(SUPPLIED RECORDS)
=== Section Start ===

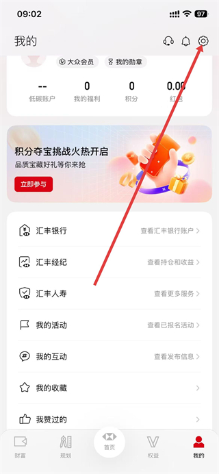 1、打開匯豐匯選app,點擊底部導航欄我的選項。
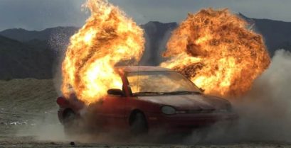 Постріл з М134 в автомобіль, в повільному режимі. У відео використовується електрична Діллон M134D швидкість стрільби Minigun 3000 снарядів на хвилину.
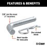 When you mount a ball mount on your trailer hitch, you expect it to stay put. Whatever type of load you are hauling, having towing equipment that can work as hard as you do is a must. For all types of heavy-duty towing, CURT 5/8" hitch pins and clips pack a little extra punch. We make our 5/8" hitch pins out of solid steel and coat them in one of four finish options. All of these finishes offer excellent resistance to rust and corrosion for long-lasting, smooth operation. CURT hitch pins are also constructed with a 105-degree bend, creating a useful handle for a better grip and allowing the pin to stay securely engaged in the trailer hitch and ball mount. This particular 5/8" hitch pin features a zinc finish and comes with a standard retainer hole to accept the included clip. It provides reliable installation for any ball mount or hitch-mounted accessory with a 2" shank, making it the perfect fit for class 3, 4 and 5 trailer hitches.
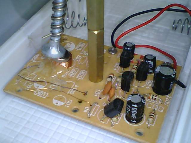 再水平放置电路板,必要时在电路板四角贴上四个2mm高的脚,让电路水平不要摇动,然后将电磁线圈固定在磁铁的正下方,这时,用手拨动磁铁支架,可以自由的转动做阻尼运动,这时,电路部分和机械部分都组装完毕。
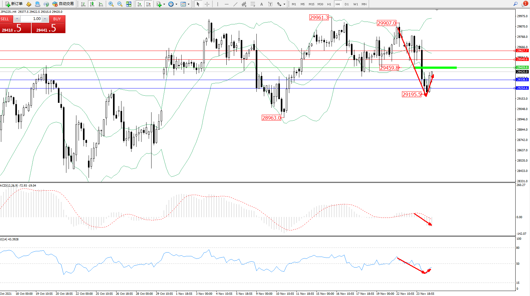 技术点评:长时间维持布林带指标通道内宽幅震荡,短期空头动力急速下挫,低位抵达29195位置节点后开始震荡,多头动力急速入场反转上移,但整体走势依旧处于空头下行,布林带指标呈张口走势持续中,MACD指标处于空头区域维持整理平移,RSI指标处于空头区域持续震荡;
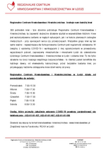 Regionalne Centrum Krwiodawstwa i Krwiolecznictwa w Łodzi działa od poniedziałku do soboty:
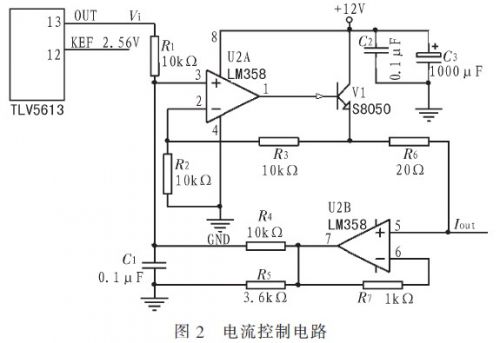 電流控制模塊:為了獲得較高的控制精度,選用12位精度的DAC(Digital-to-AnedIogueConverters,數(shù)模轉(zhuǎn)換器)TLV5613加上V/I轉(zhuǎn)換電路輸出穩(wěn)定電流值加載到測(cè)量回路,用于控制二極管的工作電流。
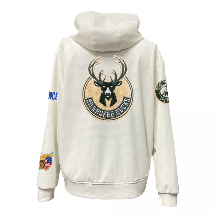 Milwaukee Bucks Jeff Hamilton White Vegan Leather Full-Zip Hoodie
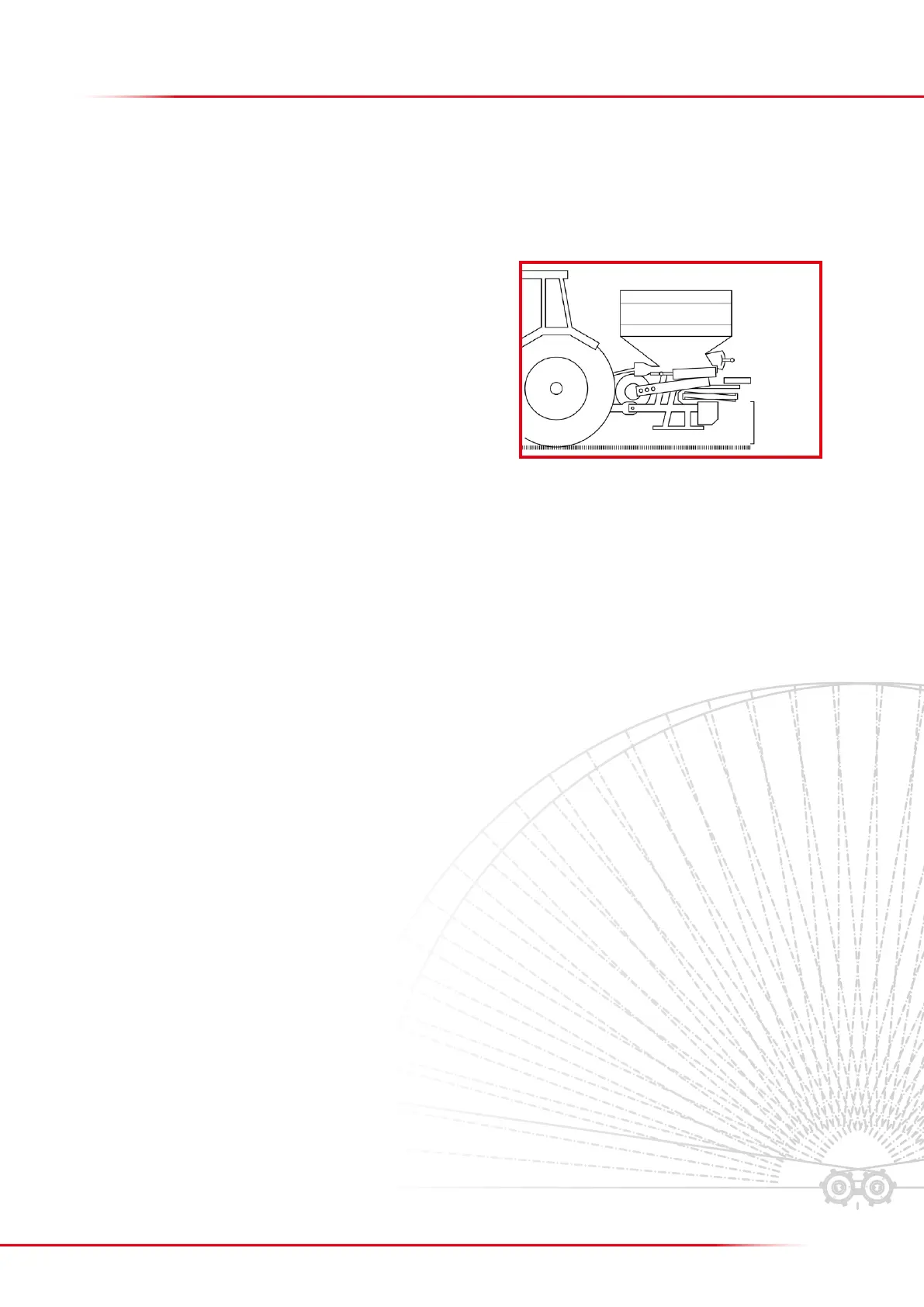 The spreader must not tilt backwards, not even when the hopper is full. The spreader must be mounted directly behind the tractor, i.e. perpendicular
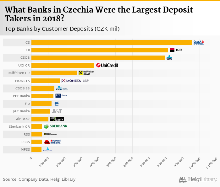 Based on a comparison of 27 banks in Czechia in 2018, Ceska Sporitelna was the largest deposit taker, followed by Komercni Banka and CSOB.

=== Section End ===

(TASK DETAILS)
When you write out the material above, keep every line exact and drop each picture.

(RESULT FOR THIS TASK)
 1、打開匯豐匯選app,點擊底部導航欄我的選項。
 Постріл з М134 в автомобіль, в повільному режимі. У відео використовується електрична Діллон M134D швидкість стрільби Minigun 3000 снарядів на хвилину.
 When you mount a ball mount on your trailer hitch, you expect it to stay put. Whatever type of load you are hauling, having towing equipment that can work as hard as you do is a must. For all types of heavy-duty towing, CURT 5/8" hitch pins and clips pack a little extra punch. We make our 5/8" hitch pins out of solid steel and coat them in one of four finish options. All of these finishes offer excellent resistance to rust and corrosion for long-lasting, smooth operation. CURT hitch pins are also constructed with a 105-degree bend, creating a useful handle for a better grip and allowing the pin to stay securely engaged in the trailer hitch and ball mount. This particular 5/8" hitch pin features a zinc finish and comes with a standard retainer hole to accept the included clip. It provides reliable installation for any ball mount or hitch-mounted accessory with a 2" shank, making it the perfect fit for class 3, 4 and 5 trailer hitches.
 再水平放置电路板,必要时在电路板四角贴上四个2mm高的脚,让电路水平不要摇动,然后将电磁线圈固定在磁铁的正下方,这时,用手拨动磁铁支架,可以自由的转动做阻尼运动,这时,电路部分和机械部分都组装完毕。
 技术点评:长时间维持布林带指标通道内宽幅震荡,短期空头动力急速下挫,低位抵达29195位置节点后开始震荡,多头动力急速入场反转上移,但整体走势依旧处于空头下行,布林带指标呈张口走势持续中,MACD指标处于空头区域维持整理平移,RSI指标处于空头区域持续震荡;
 Regionalne Centrum Krwiodawstwa i Krwiolecznictwa w Łodzi działa od poniedziałku do soboty:
 電流控制模塊:為了獲得較高的控制精度,選用12位精度的DAC(Digital-to-AnedIogueConverters,數(shù)模轉(zhuǎn)換器)TLV5613加上V/I轉(zhuǎn)換電路輸出穩(wěn)定電流值加載到測(cè)量回路,用于控制二極管的工作電流。
 Milwaukee Bucks Jeff Hamilton White Vegan Leather Full-Zip Hoodie
 The spreader must not tilt backwards, not even when the hopper is full. The spreader must be mounted directly behind the tractor, i.e. perpendicular
 Based on a comparison of 27 banks in Czechia in 2018, Ceska Sporitelna was the largest deposit taker, followed by Komercni Banka and CSOB.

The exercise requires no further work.